# [Task goal]
What's needed is an exact copy of all the data below, without pictures.
*** Dataset content Section Begins ***
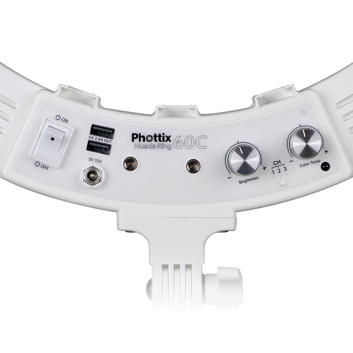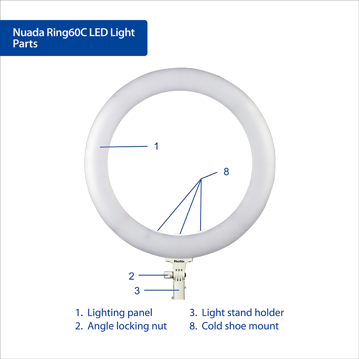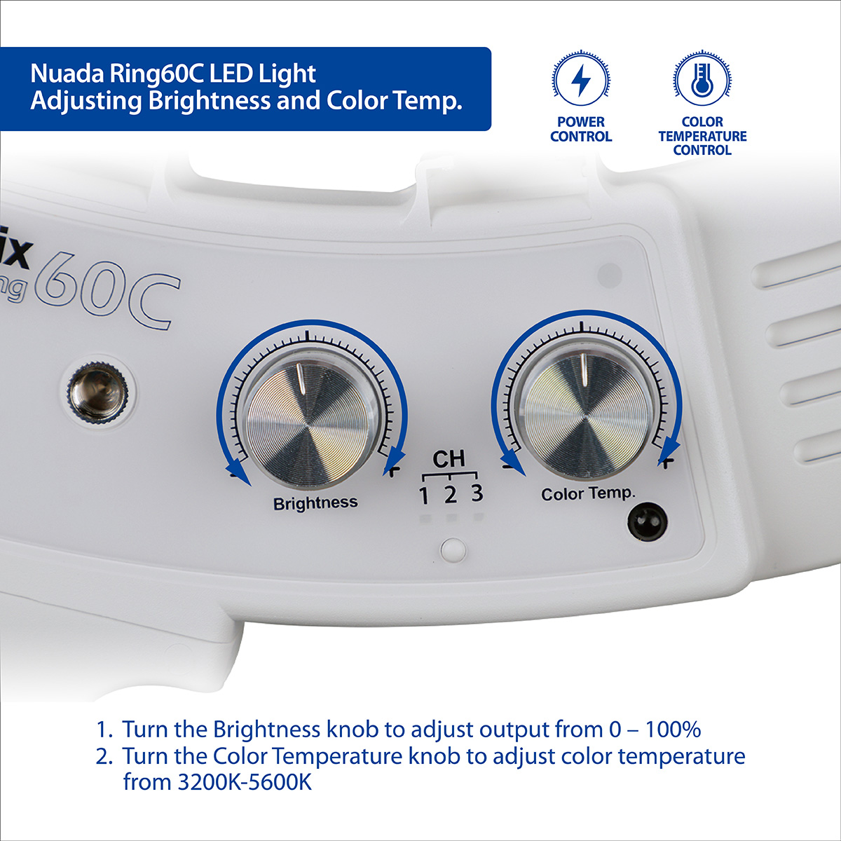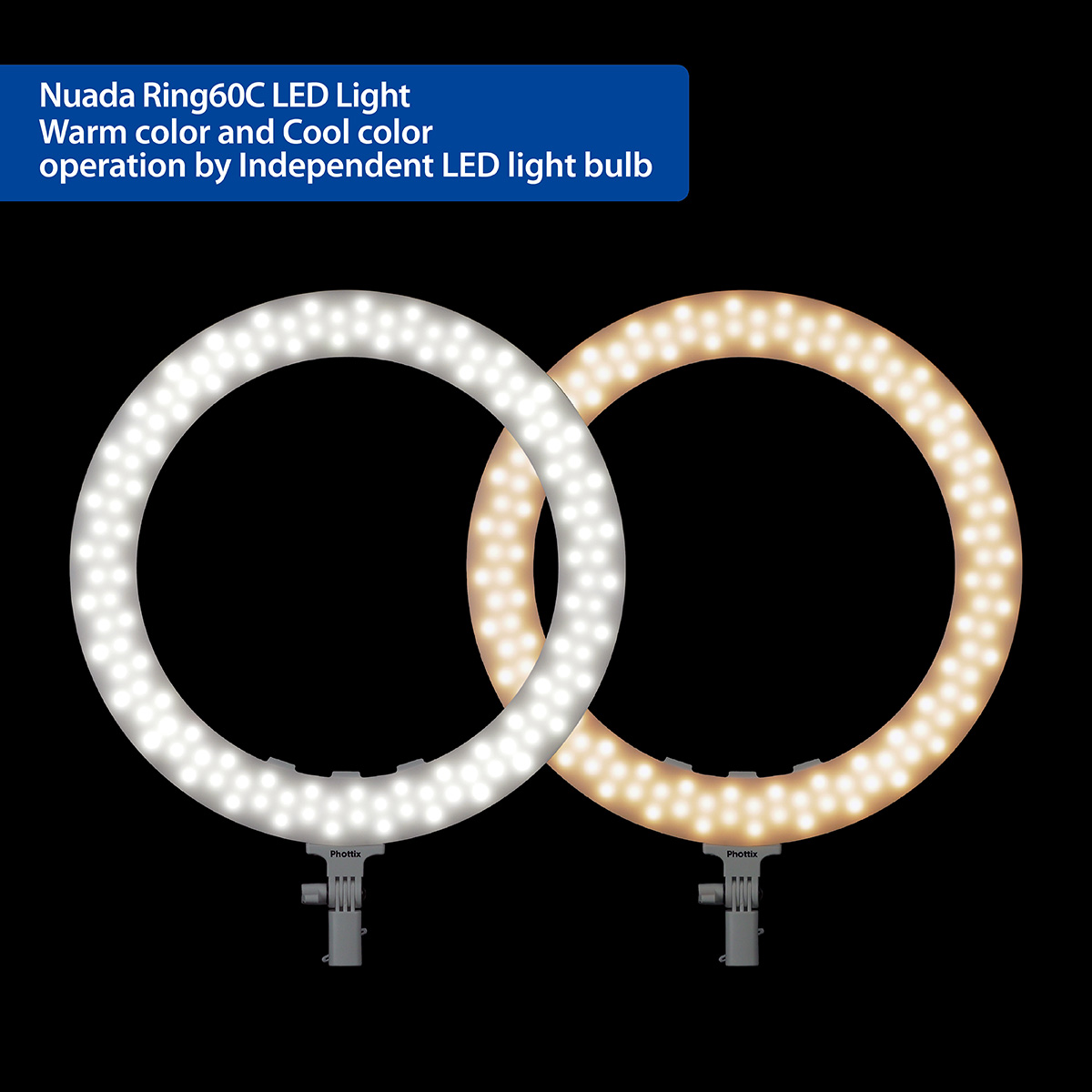 The Nuada Ring60C LED Light is a 18" diameter bicolour LED light built-in Phottix LED Ecosystem (ECO2) that can be fully adjustable colour temperature and power range that runs seamlessly from warm tungsten to cool daylight with excellent colour fulfils the CRI rating of 96+/TLCI 98+.
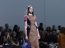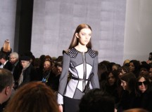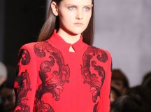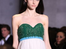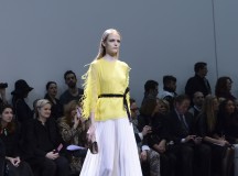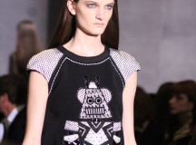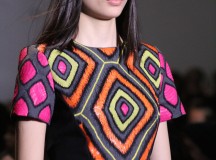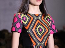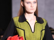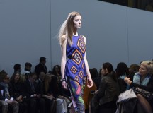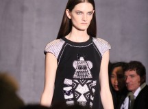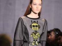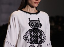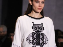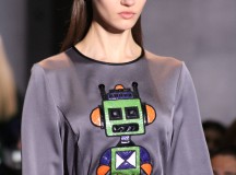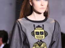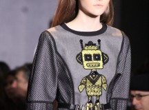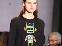 Andrew Gn nous surprend avec cette « good robot collection » excentrique et graphique inspirée de l’univers de Yayoi Kusama et Tina Chow. On retrouve donc une collection bigarrée, colorée, aux imprimés graphiques et ces fameux robots. La première partie du défilé propose une femme fatale, sophistiquée peu à peu celle ci devient plus agressive avec ces couleurs flash avant de devenir robotique et psychédélique.
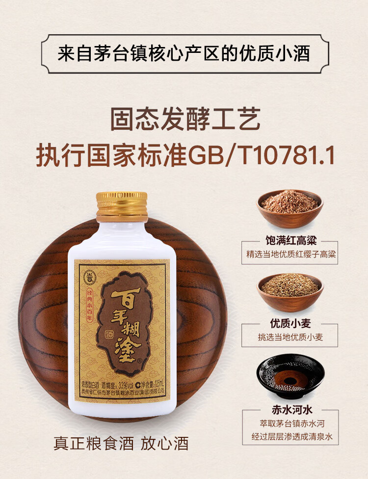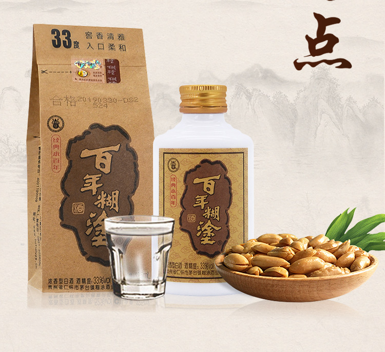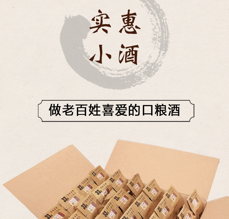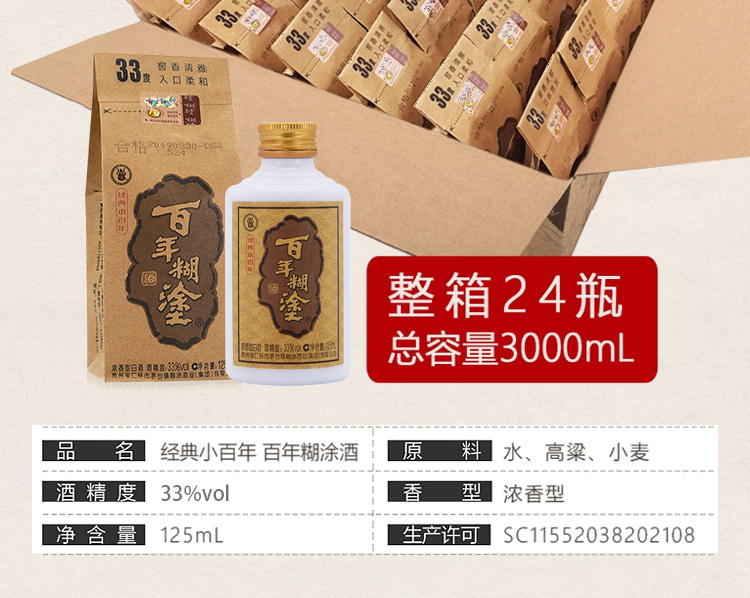 包装:整箱装;容量:375mL及以下;香型:浓香型;产地:贵州;度数:35度以下;酒精度:33%vol;容量:125ml;产品重量:8000g;包装清单:125ml*24瓶;
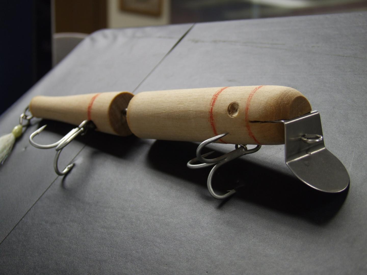 Anyways, I used Numby's specs for the smaller jointed masterlure, but I did the plug in birch(like the original) and I used a turned down Atom 40 body. I simply put an Atom 40 body on my duplicator and set the diameter at 7/8".
*** Dataset content Section Ends ***
# [Worked solution]
 The Nuada Ring60C LED Light is a 18" diameter bicolour LED light built-in Phottix LED Ecosystem (ECO2) that can be fully adjustable colour temperature and power range that runs seamlessly from warm tungsten to cool daylight with excellent colour fulfils the CRI rating of 96+/TLCI 98+.
 Andrew Gn nous surprend avec cette « good robot collection » excentrique et graphique inspirée de l’univers de Yayoi Kusama et Tina Chow. On retrouve donc une collection bigarrée, colorée, aux imprimés graphiques et ces fameux robots. La première partie du défilé propose une femme fatale, sophistiquée peu à peu celle ci devient plus agressive avec ces couleurs flash avant de devenir robotique et psychédélique.
 包装:整箱装;容量:375mL及以下;香型:浓香型;产地:贵州;度数:35度以下;酒精度:33%vol;容量:125ml;产品重量:8000g;包装清单:125ml*24瓶;
 Anyways, I used Numby's specs for the smaller jointed masterlure, but I did the plug in birch(like the original) and I used a turned down Atom 40 body. I simply put an Atom 40 body on my duplicator and set the diameter at 7/8".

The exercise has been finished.